*** Opening of Data extract ***
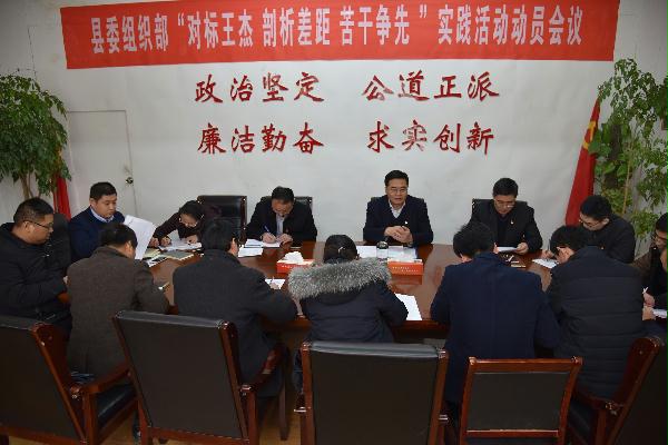 1月24日,金乡县委组织部召开“对标王杰 剖析差距 苦干争先”实践活动动员会议,深入贯彻落实全县实践活动推进会议精神,对部机关开展实践活动进行安排部署。县委常委、组织部长闫峰参加会议并作动员讲话,部机关全体党员干部参加会议。
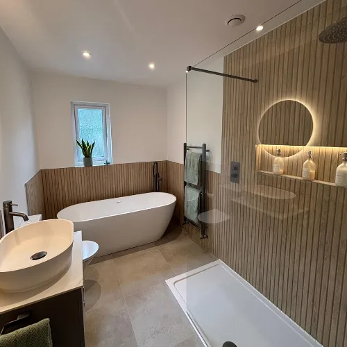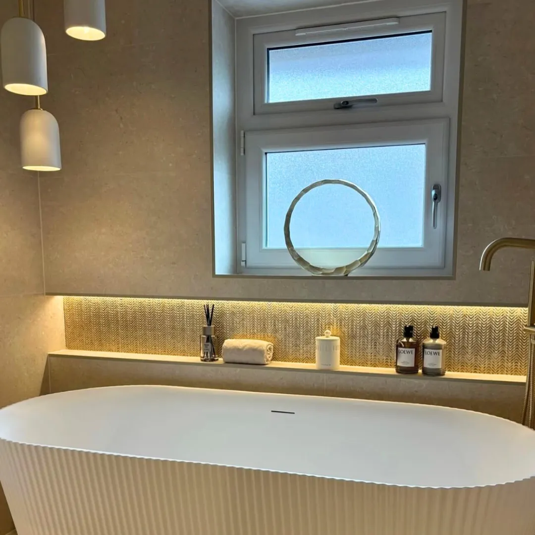 Underfloor heating, niches, alcoves, feature walls, mitred tiles (no trims)
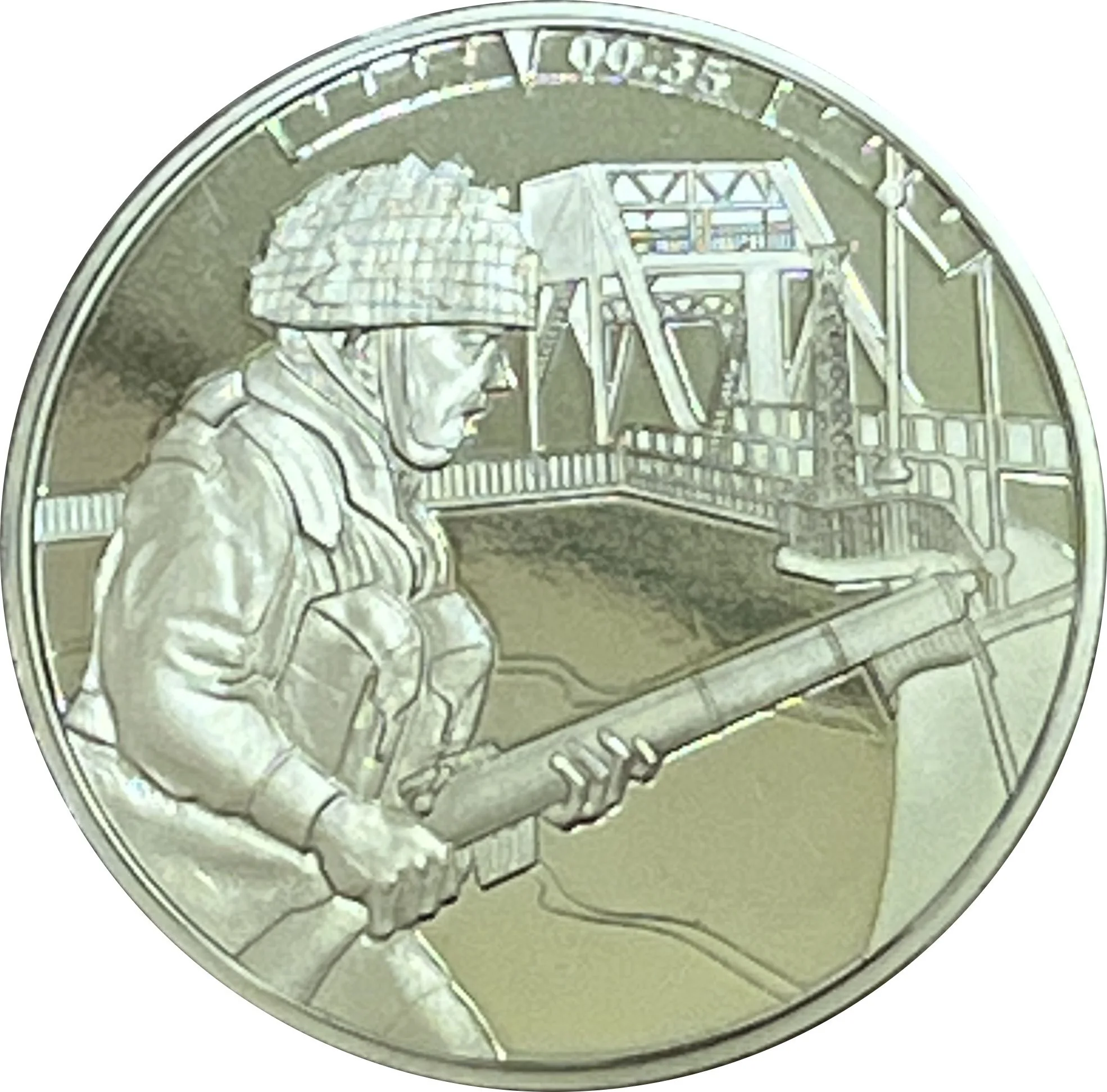 British soldier advances toward bridge.
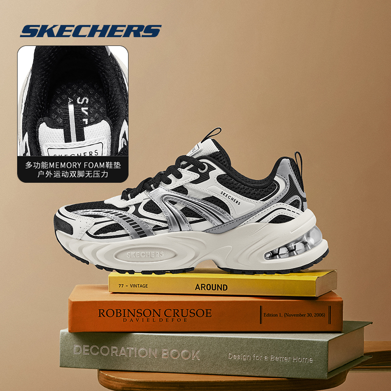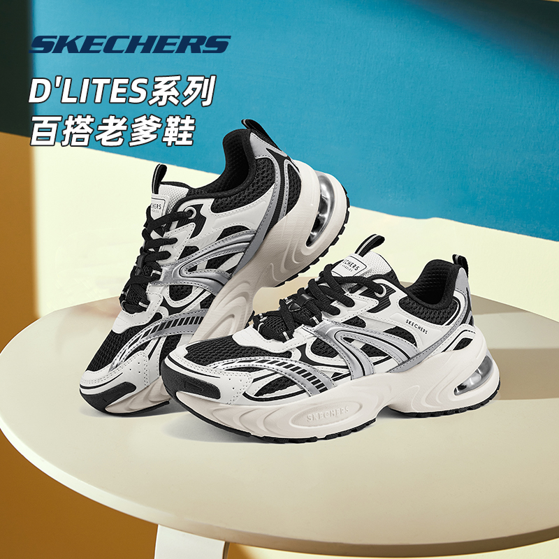斯凯奇25新款老爹鞋女鞋气垫熊猫鞋缓震透气厚底增高运动休闲鞋男
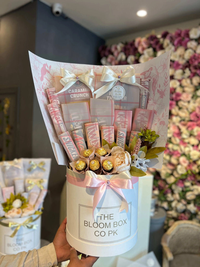 A mix of imported chocolates artificial flowers in a Bloombox with imported Pink wrapping
*** Close of Data extract ***
◆ **Problem to solve**
Strip out the pictures and quote the remaining data word for word.

◆ **Written solution**
 1月24日,金乡县委组织部召开“对标王杰 剖析差距 苦干争先”实践活动动员会议,深入贯彻落实全县实践活动推进会议精神,对部机关开展实践活动进行安排部署。县委常委、组织部长闫峰参加会议并作动员讲话,部机关全体党员干部参加会议。
 Underfloor heating, niches, alcoves, feature walls, mitred tiles (no trims)
 British soldier advances toward bridge.
斯凯奇25新款老爹鞋女鞋气垫熊猫鞋缓震透气厚底增高运动休闲鞋男
 A mix of imported chocolates artificial flowers in a Bloombox with imported Pink wrapping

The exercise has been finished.